2008 - The Irresistible Inheritance of Wilberforce
Page 24
“No.”
“Want one?”
I thought Eck seemed remarkably at home in Ed’s house. “No, I don’t.”
Eck saw me looking at him as he trimmed the cigar. “This house is the next best thing to Liberty Hall. Ed expects his friends to make free with all the good things he has. I try never to let him down.”
“What does Ed do all day?” I asked, thinking of the office and the computer. “Does he manage the whole estate on his own?”
“No,” said Eck. “He’s got people to do all that for him. No, what Ed does when he’s not going racing, or hunting, or the occasional day’s shooting, is read the papers. When he can be bothered.”
I thought this sounded rather severe. Then I realised that to Eck and Ed leisure was a natural state of being and employment was not. I said to Eck, out of curiosity to see if my theory was right, “What do you do, Eck?”
“I can tell you what I did do. I was a soldier for ten years or so; a Grenadier. I come from a family of soldiers. My father was a colonel; my uncle is General Chetwode-Talbot. You’ve probably never heard of him, but there it is—if you were ever in the army you would know the name. Soldiering is all that our lot know how to do. After about ten years I decided I wanted to make a bit of money, so I switched to the private sector. I worked for quite a while for Risk Management. Have you heard of them?”
I admitted that I had not.
“What we did was manage kidnaps, for Lloyd’s of London. The idea is that if you are working in a dodgy part of the world, your company can insure you against ransom demands with an underwriter at Lloyd’s. There are a few of them that make a market in that kind of cover. Our job was, if the worst happened, to get involved in negotiating the ransom and to make sure the hostage came out alive if we could get him out at a sensible price.”
“Goodness,” I said. “I had no idea all that went on.”

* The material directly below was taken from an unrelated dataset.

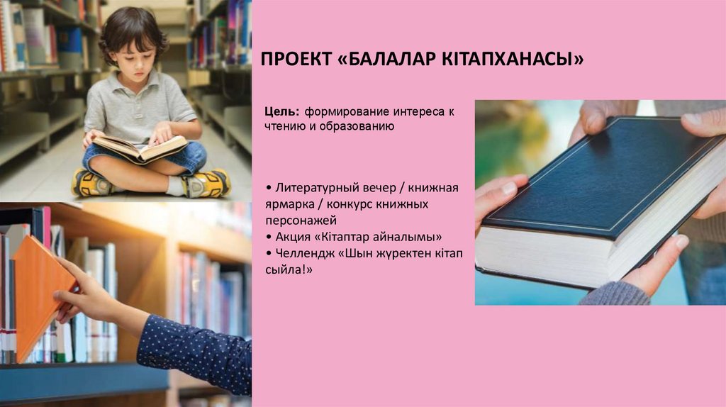ПРОЕКТ «БАЛАЛАР КІТАПХАНАСЫ»Цель: формирование интереса к

“That, and more,” said Eck, exhaling a cloud of cigar smoke as he sat in his armchair. I understood all of a sudden that, although Eck had cast himself in the role of the joker, behind his teasing and his charm, he was enormously tough.
“So why did you stop?” I asked.
“I was working on a slow case in Medellin in Colombia. A chap from BP had been lifted by PARC. They are a bunch of very professional narco-terrorists, who finance themselves and their revolution through kidnapping and drug deals. But something didn’t ring true on this deal. I was getting nowhere. I had no idea if the chap from BP was still alive. Then I came to the unpleasant conclusion that he was not and, worse, that whoever I was talking to—and I’m still not sure whether it was PARC or some other group—had in mind to use me as a bargaining chip instead. I started to feel I was being followed. Then I was sure I was, by some very unpleasant people. So I took off.”
“You left?”
“I took a flight to Bogota and rang my office on the satellite phone. They advised me to get out of the country and I did. When I got back I found my aunt had died while I was in country and had left my cousin Harriet and me a decent legacy. So I quit. I couldn’t see the point in going on, fun as it had been. One day or another it was going to go wrong, and I decided it would be a clever idea to leave before it did.”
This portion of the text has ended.